PARIS: More and more carmakers are switching to fully vegan interiors, free from leather, wool and other animal-derived materials, according to a study published by the animal rights organization, PETA.

A car interior can be considered vegan if it contains no materials of animal origin, such as leather or wool. This applies equally to seats and upholstery, as it does to steering wheels and paneling.

Volvo can be considered a forerunner in this field, with the first interiors to feature textiles made from recycled materials such as plastic bottles or even wine corks, starting in 2021.

Today, the Swedish manufacturer (now part of China's Geely group) offers a vegan interior as standard on its EX30, EX40, EC40, S60 and V60. Another manufacturer particularly committed to the vegan cause is Mercedes-Benz, which offers a vegan interior on the majority of its range, including the A-Class, B-Class, C-Class and E-Class, as well as the GLC, GLE, GLS, EQB and EQE.

French manufacturers are not to be outdone, with Renault (Twingo, Clio, Captur, Mégane and Scenic), Peugeot (mainly LCVs) and Citroën (Ami, C3 and some LCVs) offering vegan interiors on an increasingly wide range of their models.

Other good performers include Dacia, Fiat, Jaguar Land Rover, Jeep, Kia, Mini, smart and Opel. Even China's BYD is getting in on the act. However, availability varies from country to country, so the option of vegan interiors is not always guaranteed.

On the other hand, many manufacturers still don't have a single vehicle in their range with a vegan interior. This is particularly true of many sports and luxury brands, such as Audi, Bentley, Bugatti, BMW, Ferrari, Porsche and Rolls-Royce.

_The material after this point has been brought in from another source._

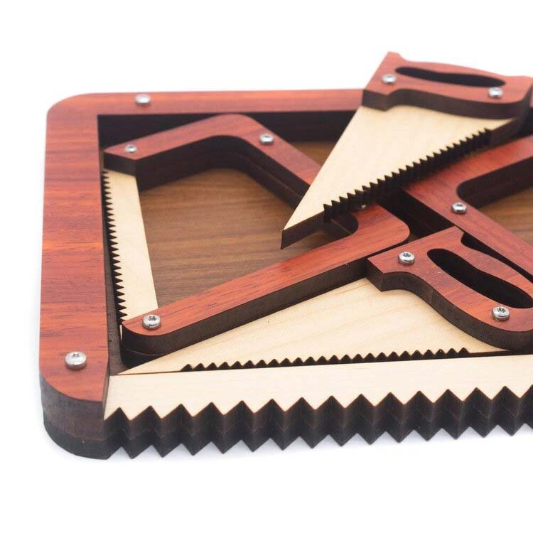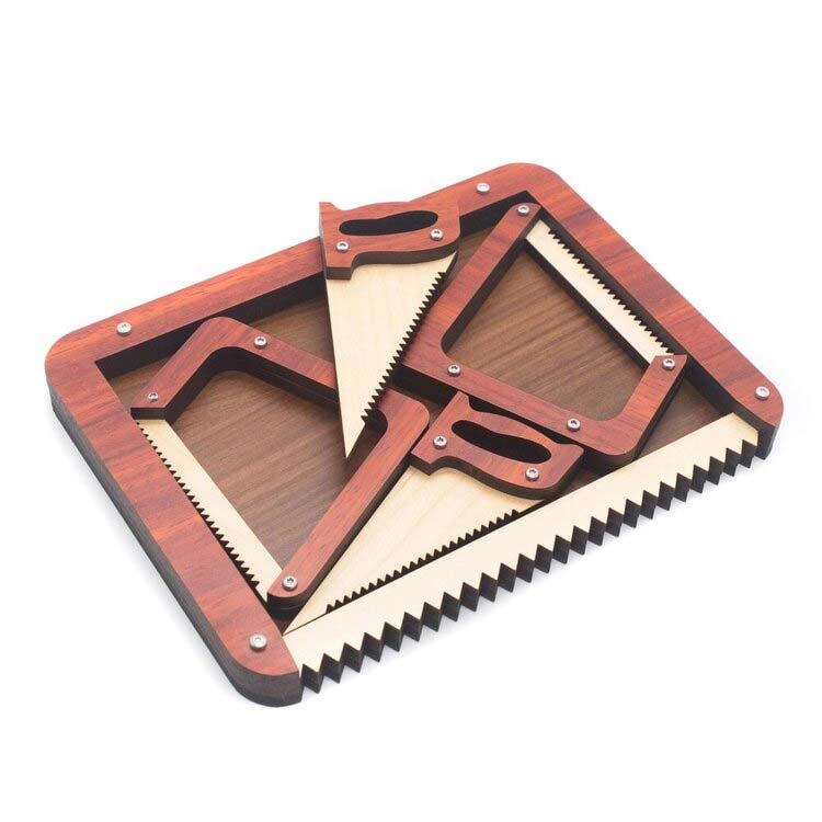 Die Sägerei ist ein Legepuzzle mit vier Puzzleteilen in Form von Sägen. Aufgabe ist es, die vier Sägen in die Grundplatte, ebenfalls eine Säge, zu legen, so dass sie in die Ausformung passen.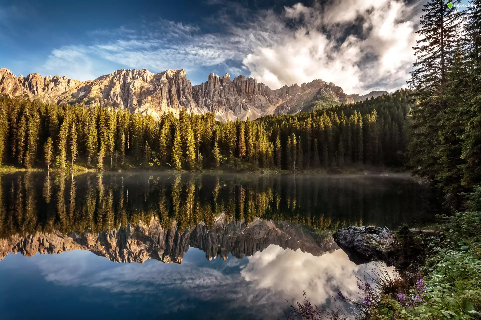 Zdjęcie Góry, Las, Jezioro, Chmury, Odbicie

PETA estimates that 35 million cow hides are used every year to create interiors for the automotive industry. For PETA, the production of animal-based materials is as harmful to the Earth as it is cruel to animals.

In the end, vegan fabrics have a much smaller ecological footprint and are, for the most part, durable and resistant. Most are made from recycled materials, such as fishing nets, T-shirts, plastic or cork.

To carry out its study, the People for the Ethical Treatment of Animals (PETA) nonprofit questioned 110 carmakers from the USA, China, Europe, India and Japan about the vegan editions and models they do or do not offer today. Unfortunately, the majority of American and Chinese manufacturers did not respond to the organization's request.